I think you might need to find out where your local reptile dentist is. They should carry spares at a reasonable price.


----------



## icuucme2 (Feb 22, 2017)

are you serious Paul Pythons a reptile dentist dentures for snakes lol


----------



## Pauls_Pythons (Feb 22, 2017)

icuucme2 said:


> are you serious Paul Pythons a reptile dentist dentures for snakes lol



Absolutely.
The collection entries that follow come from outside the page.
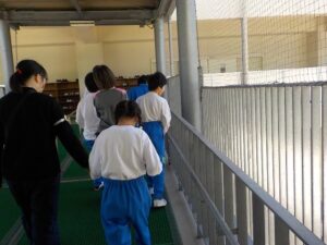 小学部:「6年生 生活単元学習 校内を探検しよう」 Posted on 2026年4月22日 by nisisien01 カテゴリー: 今日の西っこ, 小学部 4月になり、みんなの使用する教室が変わったことから、「他の教室も変わっているかもしれないね。みんなで確かめに行こう。」ということで、校内の探検に行きました。 教室を見つけるとワークシートにシールを貼って、学年の教室が変わっていることや保健室や体育館は変わっていないことを発見し、見つけたことを発表し合うことができました。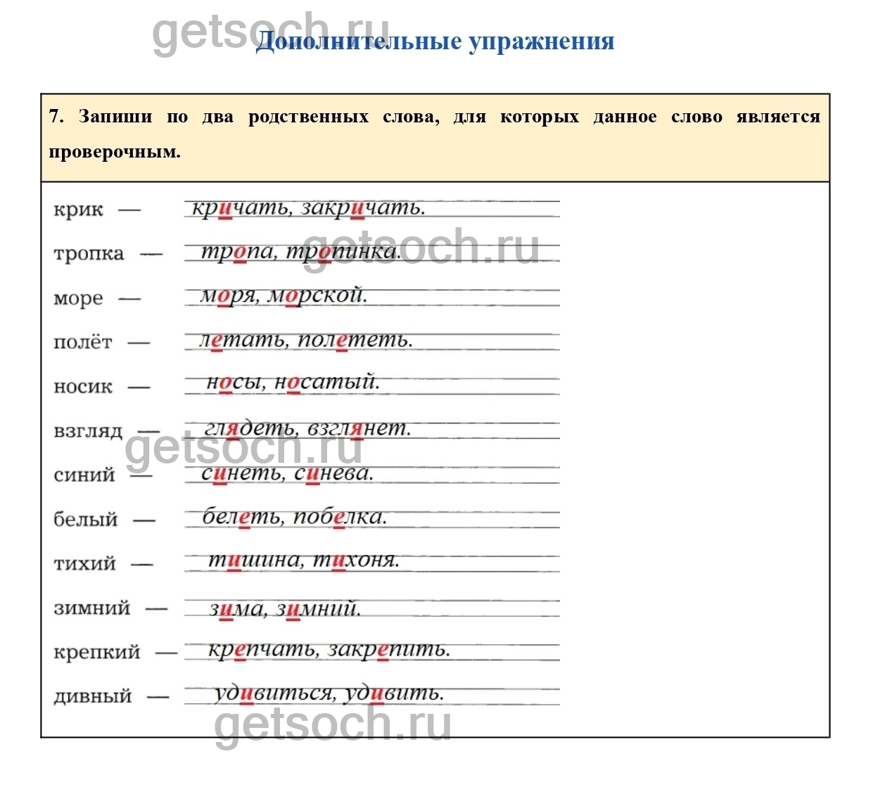 Рассмотрим ответы на задания рабочей тетради по русскому языку для 2 класса Кузнецова Страница 507. Запиши по два родственных слова, для которых данное слово является проверочным.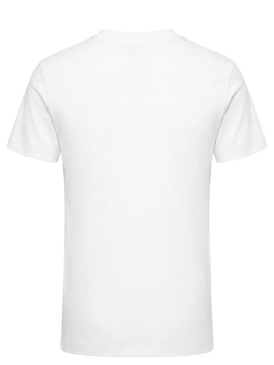 Модель прямого кроя с короткими рукавами, круглым вырезом горловины и принтом с логотипом на груди.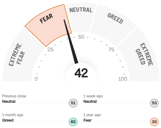 Overall, market sentiment, as measured by the CNN Fear and Greed Index, has moved into the fear category in just a few weeks, showing the rapid change in price and sentiment.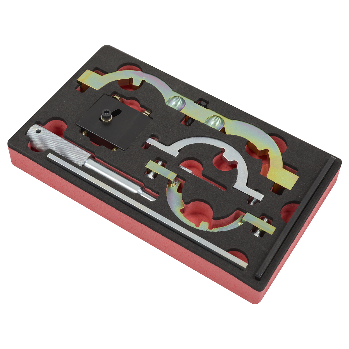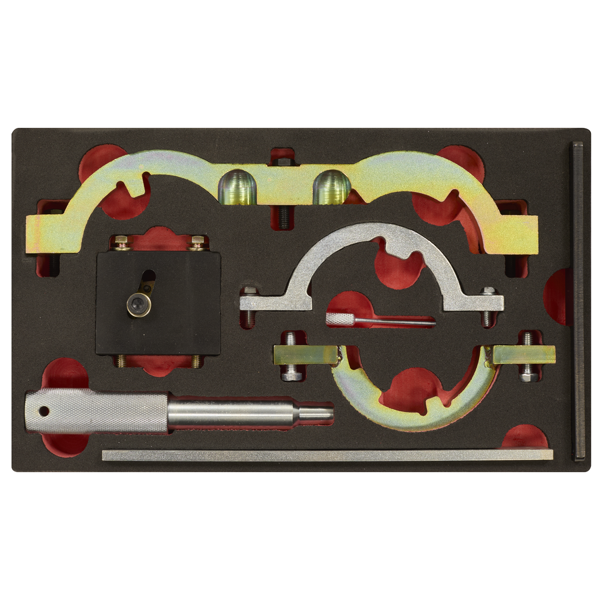 • Includes the necessary tools for setting and locking the camshafts and crankshaft.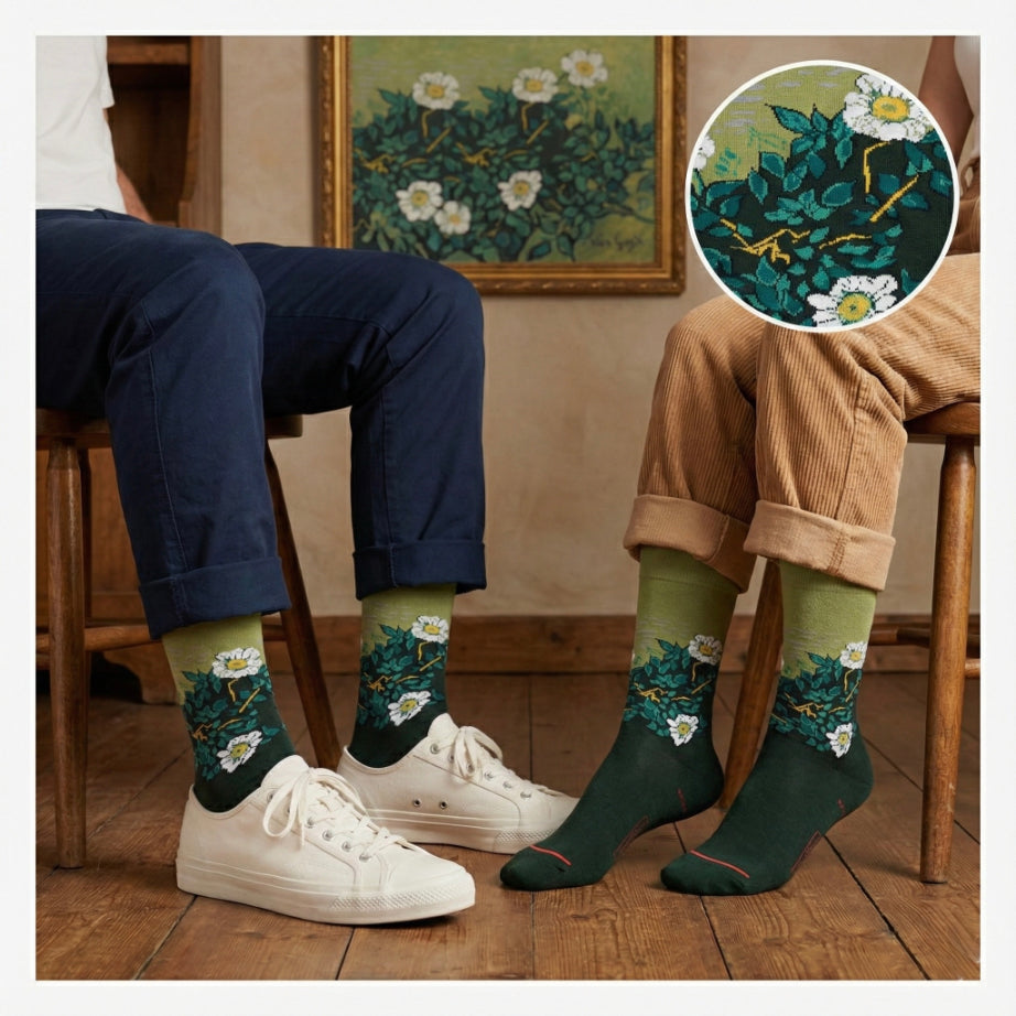 Ako ste ikada željeli čarape koje su jednako udobne kao zagrljaj medvjeda na proljetnoj livadi, onda su Vestsocks Unisex čarape ono što trebate! Napravljene od 80% pamuka, ove čarape pružaju osjećaj plišanog oblačića oko vaših stopala. Poliamid i elastin jamče dugotrajnost i fleksibilnost, kako bi vaša stopala mogla savladati sve izazove dana. Izrađene s ljubavlju u Turskoj, ove čarape donijet će vam komadić orijentalne radosti svaki put kad ih obujete. Klonite se dosadnih i običnih čarapa – Vestsocks poziva vas da zaronite u svijet cvjetnih uzoraka inspiriranih Goghovim Wild Roses kreacijama i otkrijete novu razinu stila i udobnosti.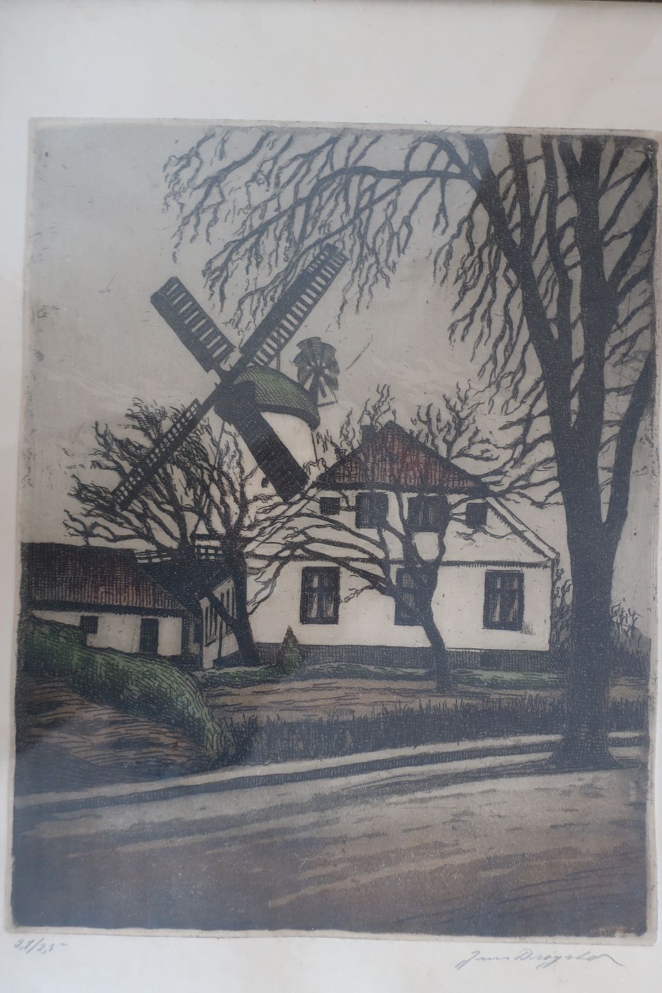 Radering Dybbøl Mølle Signeret af Jens Dragsbo, 21/25 Jens Dragsbo: 1886-1954 51,5cm x 43,5cm God stand Varenr.: 2-810131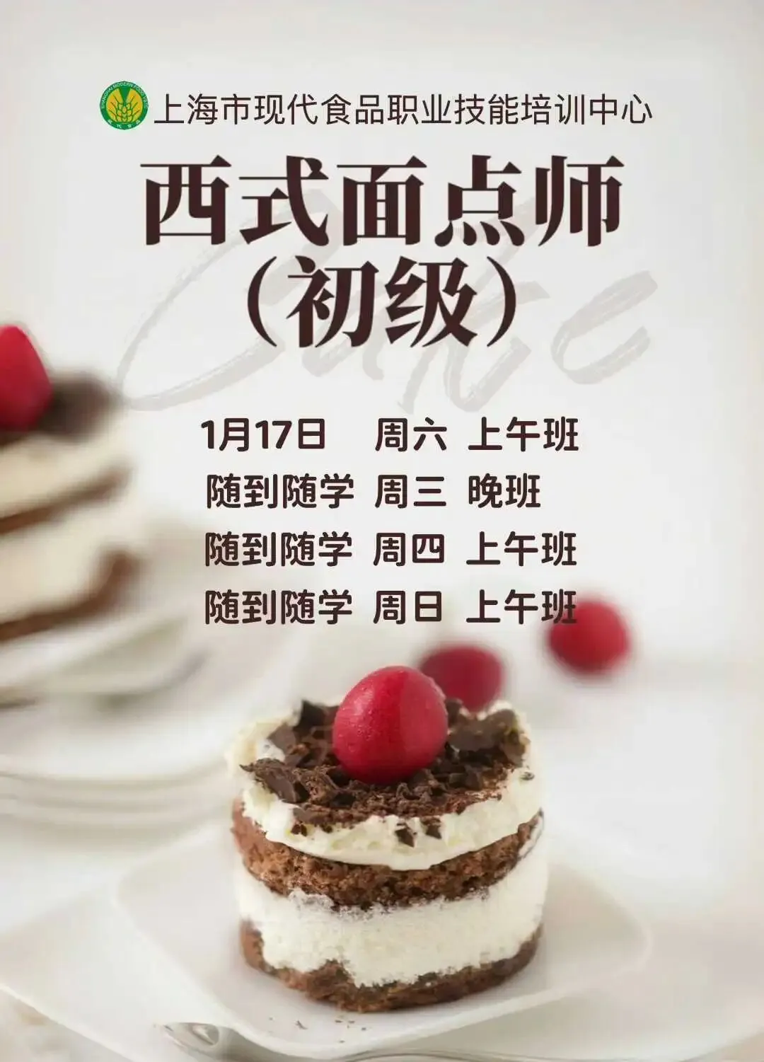 4、上海现代食品职业技能培训中心西式面点师初级班即将开课

Have you not seen snake dentures before lol


----------



## Pauls_Pythons (Feb 22, 2017)




----------



## pinefamily (Feb 23, 2017)

how has your python lost its fangs?


----------



## pythoninfinite (Feb 23, 2017)

pinefamily said:


> how has your python lost its fangs?



Left them in a glass on the bedside table, and they were knocked off during the night...

Jamie


----------



## icuucme2 (Feb 23, 2017)

i googled snake dentists and I cant find any I think u r having us on and no im not blond lol and im not ashamed to admit I looked for it lol


----------



## Pauls_Pythons (Feb 23, 2017)

icuucme2 said:


> i googled snake dentists and I cant find any I think u r having us on and no im not blond lol and im not ashamed to admit I looked for it lol



ROFLMAO. Sorry ICUUCME2 but that is hilarious. 
I think the OP is a troll hence my attempted humour, & non intended sending you on a wild goose chase lol.


----------



## pinefamily (Feb 23, 2017)

And I thought I'd be polite and ask......


----------



## icuucme2 (Feb 24, 2017)

it didn't send me on a wild goose chase I had nothing better to do and I do find it funny. sg all good . I didn't think it was true but I had to check cause who knows what they do these days lol


----------



## Tinky (Feb 24, 2017)

I think we could all benefit from a good list of specialist professional service providers for our reptiles.


The time I took my bredli to a chiropractor the guy did not seem to know what she was doing.


----------